Still Pissed Off About the Hawley-Smoot Tariff

Wednesday, April 06, 2005

Independence of the Judiciary

Listening to the radio tonight, I heard an interesting - and by "interesting" I mean "really dumb" - argument about the Terry Schiavo case. It was the Tammy Bruce show, but it was a guest host, and I didn't catch the name. The mystery speaker made the following claim:

It's bad that Congress tried to influence the Schiavo decision, because our system is tripartite, with independent legislative, executive and judicial branches. The judges are supposed to interpret the law, and Congress improperly tried to tell a judge how to do his job, so blah blah blah.

I never heard him try to justify his "independence" argument, however. It was more assertion than argument, really. If, as he correctly stated, the function of the judiciary is to interpret the law, pray tell what is the source of that law? The legislature, of course, and that answer right away should tell us something about how independent the judiciary really is. When a court is interpreting a statute (as opposed to deciding whether a statute is constitutional), the court is bound by what the legislature says. It has no ability to simply ignore or discard that law, simply because it doesn't like the outcome. And if the legislature reads the court's opinion and decides the court screwed up, the legislature is free to re-write the statute to get the intended result. This sort of thing happens all the time, and is never commented on at any length, because that is the way things have been working for more than 200 years now.

In that sense, then, it is patently false to claim that the judiciary is independent of the other two branches. And if the branches really were independent, then the President would be free to decline to enforce acts of Congress, and the judiciary would have no business whatsoever in deciding the constitutionality of a statute. Congress, in fact, is given express power over judicial power in our Constitution, in plain language. In order to get federal jurisdiction over any case, you need to find a source of that jurisdiction in the United States Code (generally 28 U.S.C. 1331 or 1332), a book of statutes passed by Congress. And if the substance of Terri's Bill was nothing more than Congress altering jurisdictional rules, then there was nothing at all out of the ordinary or improper in Congress' action.

The host, incidentally, then went on to ask, wouldn't Jesus want the Catholic Church to pass out condoms in Africa, and answered that of course he would.

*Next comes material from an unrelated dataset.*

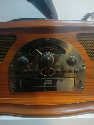 Vendo gramófono vintage Ricatech RMC350 Legend Music 5 en 1. Funciona perfectamente en todas sus funciones, características: -Fonógrafo tocadiscos RMC350 5 en 1 -Tocadiscos de 3 velocidades (33-45-78 RPM) -Reproductor de CD -Radio analógica AM/FM -Puerto USB y Ranura para la tarjeta SD -Fonógrafo clásico con altavoz extra incorporado -Altavoces estéreo: 2 x 2 Vatios -Dimensiones: (L) 44,3 X (P) 37,5 x (H) 64,8 cm -Peso: 6,4 kg -Alimentación: Corriente eléctrica Defectos a tener en cuenta: - La parte donde se enrosca el codo a la bocina se partió y está pegada (visible en la última foto) ¡Hazlo tuyo! Vivo en Murcia.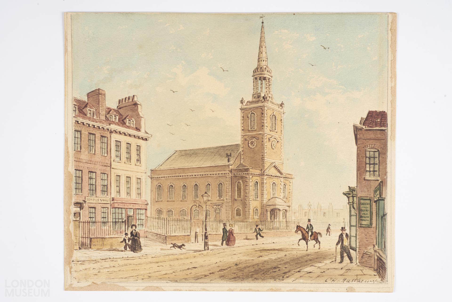Exterior of St Mary's Parish Church, Islington. Signed C.H. Matthews, c. 1860.

Um, if you're going to try the "What would Jesus do" approach to political persuasion, keep in mind that your audience is composed of people who a) believe the Bible, b) want some sort of Biblical foundation for the "What would Jesus do" argument, and c) know that Jesus never condoned sin or soft-pedalled his rigid "don't break my commandments" stance. It was a little surreal to hear this guy saying the next Pope should allow married priests, women priests, and condoms, all with the "What would Jesus do" argument, all without even a passing reference to anything Jesus said.

In conclusion, I was unimpressed with Tammy's guest.